Briefing

Nextdoor is the social network working to get neighbours to connect offline – and it's taking off in Australia

Nextdoor is connecting neighbourhoods

It’s been one year since Nextdoor launched in Australia and it’s been quickly gaining traction.

CEO Sarah Friar told Business Insider Australia that Nextdoor is one of the company’s fastest growth markets – growing faster than both the UK and Canada.

“Today, if you live in Australia, 76% of the households are covered by a Nextdoor neighbourhood that has been founded,” she said.

The social platform aims to bring local neighbourhoods together. On first glance, it looks similar to Facebook, as users can post about events in their area, offer their maintenance services or sell their wares. There are other useful functions like ‘Lost and Found’ as well.

One of the main points of differences though is that the company verifies its users to make sure they actually live in a specific neighbourhood. And when you do sign in to the platform, you can see everyone’s name and what suburb they are in.

“We have verified users,” Friar said, adding that there are “no bots” on the site. “It’s true, real people at real addresses,” she said.

Friar joined Nexdoor in 2018 after serving as the chief financial officer at payment service Square. She highlighted that the three main reasons for Australians using Nextdoor are to give each other recommendations, for crime and safety-related issues and for organising activities in the community.

Nextdoor CEO Sarah Friar.

But when asked what makes Nextdoor truly distinct from Facebook, Friar explained that it was about accountability – especially when it comes to buying and selling through the platform.

“We find that on Nextdoor, people really do show up,” she said.

One other factor Friar pointed out was Nextdoor’s ‘kindness reminders’ – introduced in September this year – which lets users think carefully before they make a potentially harmful post.

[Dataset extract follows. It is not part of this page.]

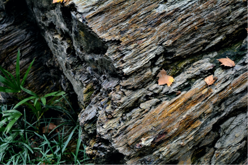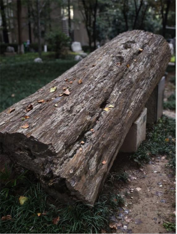 硅化木承载着地质年代的磅礴叙事,其上飘零的落叶则诉说着季节轮回的瞬时之美。石质脉络中细腻的肌理与落叶轻薄的叶脉形成质感对话;矿物形成的暖褐色调与秋叶自然的锈红相互唱和。这片偶然停驻的落叶,仿佛时间信使,在永恒与须臾之间架起了一座视觉的桥梁。

When you make a post that is possibly offensive, a ‘Kindness Reminder’ will be prompted before it goes live. It gives you a chance to edit your reply or not make a post at all.

Friar said it was about slowing people down, getting them out of their biases and into their cognitive brain to be able to be more thoughtful about what they post. She added that racial profiling was one of the problems the reminders seek to tackle.

“What we found was that in slowing people down and causing them to be more thoughtful about how they make that crime and safety post, we took down instances of racial profiling someone by 75 to 80%,” Friar said. “So it had a very dramatic impact.”

The feature is designed to encourage respect among Nextdoor members and create a kinder neighbourhood.

“We still want people to discuss tough issues, but we want them to do it in a respectful way.”

Friar further added that Nextdoor “would love to see all tech platforms be more thoughtful.”

At the end of the day, Friar acknowledged that people may still join Facebook groups, but that Nextdoor provides another option.

“Many people are in strong Facebook groups and I’m sure those will continue,” she said. “But we want to prove that there is another platform that could also be helpful in their daily lives.”

Fighting against loneliness

Friar explained that Nextdoor wants to get people to move from the online to the offline world.

“I do think that there is something about online where there is a lower barrier to making that first outreach or having that first conversation,” Friar said. “People feel a little safer [when] they maybe don’t have to expose their whole self.

“But thereafter, we don’t want to keep people stuck behind that pane of glass. We actually want to figure out ways where we can cause communities to actually do something in the physical world.”

Friar suggested activities like a walking group or a book club that people can organise through Nextdoor. But the platform has been taking this idea one step further. In its efforts to bring neighbourhoods together, Nextdoor has also been working to tackle loneliness.

Research from the Australian Psychology Society together with Swinburne University found that one in four Australians feel lonely for three or more days.

In 2018, Nextdoor launched a #HelloNeighbour challenge in the UK where members were encouraged to spend an hour a week to help tackle loneliness in their own community, through actions like inviting someone for a coffee. The company also partnered with an organisation in the UK called Big Lunch which encourages people to set up a lunch in the street for your neighbours to join.

Now Nextdoor is thinking of bringing similar initiatives to Australia but it is first looking to get an idea of the landscape first.

“We’ve been thinking a lot here in Australia: is there something similar where we could actually get on board working with partners who bring people out into the physical world and bring them together,” Friar said.

“We want to do a pulse check before, then we would like to do something probably similar to the Hello Neighbour challenge or just something that gets a community spirit going.”

“[It could be] going and knocking on a neighbour’s door, maybe thinking about the senior in your community that may have lost a spouse that year, thinking about the young person that maybe is new to the neighbourhood and doesn’t know anyone.”